AI doesn’t belong to Silicon Valley alone.

At Cannes this year, both Fatih Akin and Hideo Kojima expressed cautious optimism about AI’s role in storytelling. After expressing mutual admiration and talking about their collaborations they expressed their views on AI. It’s not something to fear, but a tool—one that must be understood, integrated, and ultimately shaped to serve narrative rather than replace it. Akin notably remarked: “It is much like Milton’s Paradise Lost … it’s got so many layers.”

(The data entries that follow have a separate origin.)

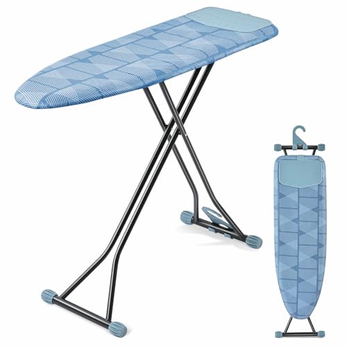 Experience the ultimate in ironing convenience with the Bartnelli Pro Luxury Ironing Board. This extra-wide ironing board measures 51x19 inches, providing ample space to iron large garments and fabrics. The adjustable height T-Leg design ensures stability and comfort, while the foldable feature allows for easy storage.
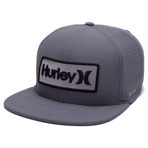 Boné Hurley H20-DRI, tecido leve com respirabilidade, patch frontal bordado, perfuração a laser nas laterais, heat transfer lateral refletivo, regulador traseiro e etiqueta bandeira ONE&ONLY.
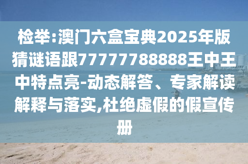 檢舉:澳門六盒寶典2025年版猜謎語跟77777788888王中王中特點(diǎn)亮-動態(tài)解答、專家解讀解釋與落實(shí),杜絕虛假的假宣傳冊

It’s a comparison that resonates. Milton’s Satan—rendered with tragic ambition, grandeur, and contradiction—is one of literature’s most complex and morally ambiguous characters. In invoking him, Akin wasn’t sounding an alarm, but pointing to a deeper truth: ethical ambiguity and creative power often come intertwined. That’s the terrain filmmakers must now navigate with AI.

Meanwhile, David Cronenberg, no stranger to provocation, defended AI use during the London Soundtrack Festival in remarks reported by The Hollywood Reporter. He dismissed the controversy surrounding The Brutalist—where AI was reportedly used to enhance Adrien Brody’s Hungarian accent—saying: “We mess with actors’ voices all the time.” He added, “I think it was a campaign against The Brutalist by some other Oscar nominees.”

Director Antoine Fuqua struck a similar tone, also speaking to Movieguide. Reflecting on past technological shifts, he said: “We’re creatures of habit. I remember when I started in videos and commercials, I shot on film. Digital was a thing we all kicked and screamed about. Turns out, it’s fantastic. It’s another paintbrush we can use to do our work. AI’s the same thing. AI doesn’t replace human feelings and human emotions.”

The pattern is clear: genre filmmakers, long at ease with technological disruption, are not merely adapting to AI—they are actively shaping the ethics around it. Not in policy white papers, but in daily creative decisions. Not with blind optimism, but with calibrated risk.

For them, the question is no longer should we use AI—but how do we use it responsibly, and who does it serve?